Notice the core around which the banking — and all financial — business revolves. The flow of money. You might think of it as cash flow. This term is typically, and sadly, reserved for discussions about the revenue and expenses of a business. But in reality, the flow of money, or cash flow, is a feature of everyone’s financial experience. The flow of that money, the velocity and direction of it, in particular, is the determining influence behind the form and function of the financial industry.
How does this relate to money?
Consider that money flow is the key ingredient to economic activity just in the way water flow is the key ingredient to biological activity. Money flows through banks just the way water flows through rivers. However, whereas the flow of water is determined by the laws of physics, the flow of money is determined by the choices of men (and women). And unlike nature, where matter is neither created nor destroyed but only transferred, money can be conjured when backed with sufficient force of government through special legal privileges.

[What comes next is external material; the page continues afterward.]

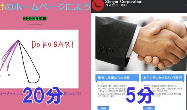 ところで、例のホームページの作成時間は、左が20分、右が5分です。

The result is a literally unnatural, disproportionate flourishing of economic activity around those institutions where new money is conjured through the exercise of legal privilege. Therefore, it is no wonder that the bankers and money managers are unnaturally, disproportionately wealthy.
With water, man is limited in his capacity to influence its flow. The oceans are vast and water’s flow and erosive power are tremendous. The best we can do to change its flow is a dam here and a levy there, each of which is ultimately at the mercy of a complex atmospheric system.
Man’s odds with affecting the flow of money are categorically different. Man chooses where his money flows. The priestly power of banks rests on the decisions of men. Banks specifically require a stable, relatively predictable flow of new deposits, each kept with the bank — or at least within the banking system — for a stable, relatively predictable length of time.
So long as men remain docile, submissive, and complacent with respect to the banking class’s legal privilege to conjure money where before it did not exist, the economic landscape, in its general form, will remain unchanged.
So long as men refuse to discuss the true nature of the banking business, and prefer instead to leave it to the experts, the chances men will think differently are nil.
The forest is clear. It’s up to you to do something about it.